Thursday, March 21, 2013

 

Glued to Twitter, but who or whom to follow in a crisis?


by Larry Geller

Questions of grammar aside, when world news is breaking out, which Twitter followers offer the most accurate, up-to-date account of events?

During the Egyptian revolution I found myself glued to the computer screen, selecting and following tweeters who seemed most connected to the action. It’s intoxicating—the ability to “be” there as events unfold, hours before news reports might appear (if they ever do) in the daily newspaper.

I even set myself up to do rapid translations from Arabic via cut-and-paste. Maybe there’s a better way, but I didn’t want to exclude tweets from my input stream just because they were in some other language.

So while the dinner dishes waited to be washed, I followed events taking place literally on the other side of the planet.

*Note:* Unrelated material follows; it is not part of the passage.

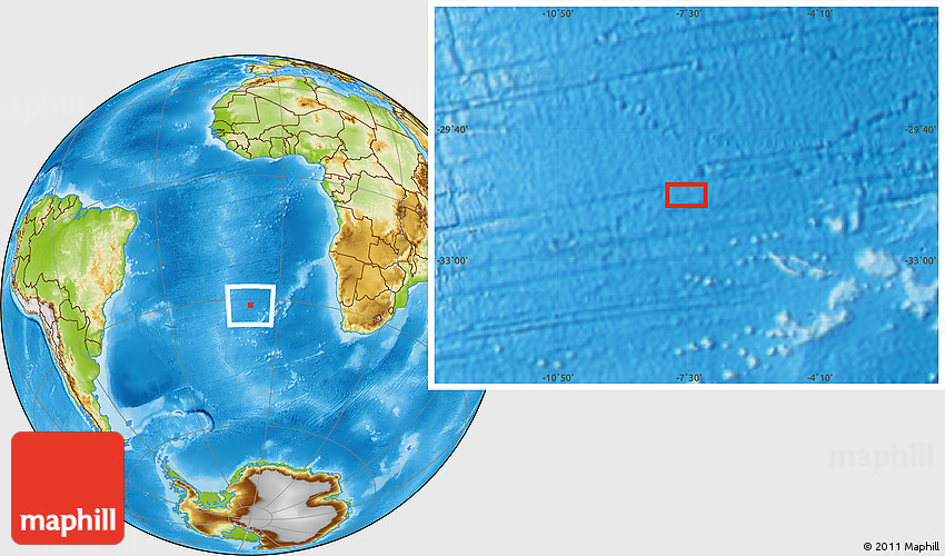 Maphill is a collection of map images. This image combines a physical map with the globe centered on the area around 31° 20' 36" S, 7° 34' 30" W. Use the buttons under the image to switch to different map types.

What a remarkable age we live in.

But back to the question: who or whom to follow when stuff is happening? Check out this article and the research paper that it links to:

The researchers ran an automatic process to discover the main topics from the database of Arab Spring tweets, then manually went through them to choose those most relevant to the uprising. Users whose tweets most often contain these relevant topics, who are also near the action, are the ones you want to follow.

In a paper due to be presented at the ACM Conference on Hypertext and Social Media in Paris, France, in May, Kumar writes that the most useful tweeters are not expected to have a large number of followers, or be influential on Twitter outside of the crisis.

[NewScientist, How to find the right Twitter user in a crisis, 3/20/2013]

(hat tip to ResearchBuzz. I’ve been a subscriber probably since 1996, before the Internet really existed.)